**INFORMATION SUPPLIED**
--- START ---

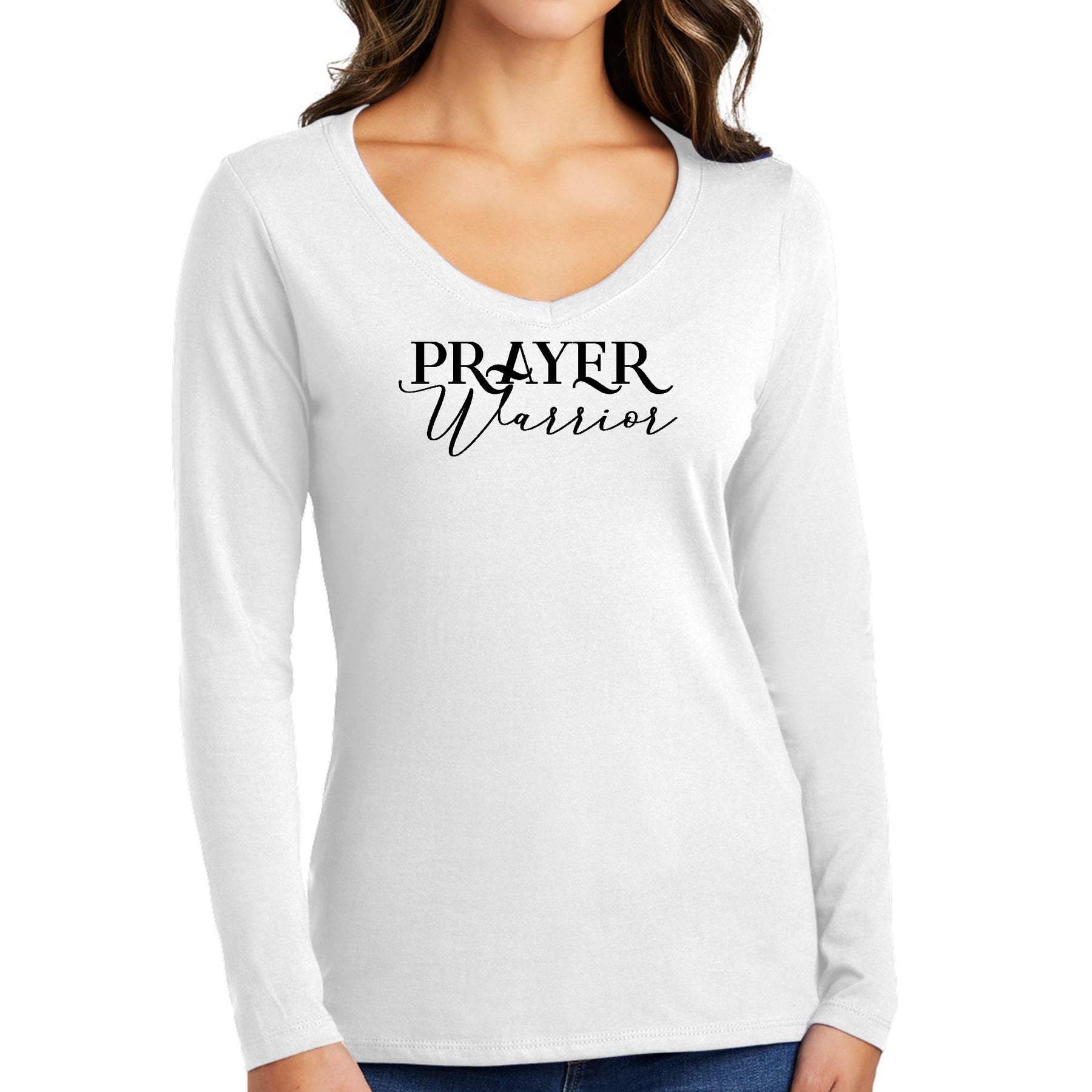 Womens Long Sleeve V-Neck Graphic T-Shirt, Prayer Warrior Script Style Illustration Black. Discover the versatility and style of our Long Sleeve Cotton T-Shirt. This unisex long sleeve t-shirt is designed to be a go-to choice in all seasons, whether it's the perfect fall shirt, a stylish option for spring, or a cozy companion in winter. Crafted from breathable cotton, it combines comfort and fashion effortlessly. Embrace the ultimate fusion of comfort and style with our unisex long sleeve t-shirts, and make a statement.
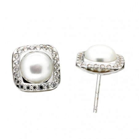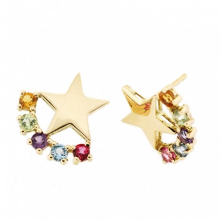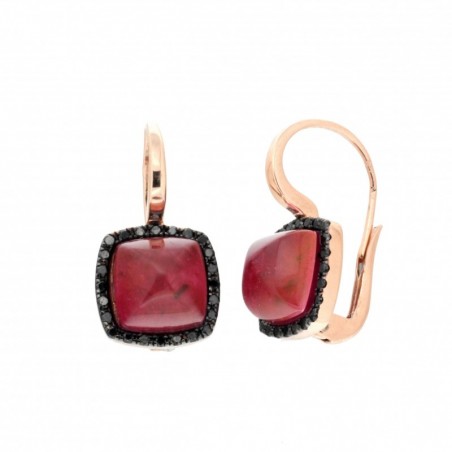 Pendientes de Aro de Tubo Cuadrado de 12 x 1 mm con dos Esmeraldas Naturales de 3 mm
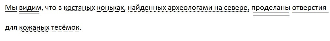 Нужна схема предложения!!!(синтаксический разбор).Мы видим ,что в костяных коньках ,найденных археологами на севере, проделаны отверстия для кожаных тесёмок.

--- END ---

**YOUR INSTRUCTIONS**
Only the text of the listing above is copied, exactly as written; its pictures are dropped.

**EXERCISE OUTPUT**
 Womens Long Sleeve V-Neck Graphic T-Shirt, Prayer Warrior Script Style Illustration Black. Discover the versatility and style of our Long Sleeve Cotton T-Shirt. This unisex long sleeve t-shirt is designed to be a go-to choice in all seasons, whether it's the perfect fall shirt, a stylish option for spring, or a cozy companion in winter. Crafted from breathable cotton, it combines comfort and fashion effortlessly. Embrace the ultimate fusion of comfort and style with our unisex long sleeve t-shirts, and make a statement.
 Pendientes de Aro de Tubo Cuadrado de 12 x 1 mm con dos Esmeraldas Naturales de 3 mm
 Нужна схема предложения!!!(синтаксический разбор).Мы видим ,что в костяных коньках ,найденных археологами на севере, проделаны отверстия для кожаных тесёмок.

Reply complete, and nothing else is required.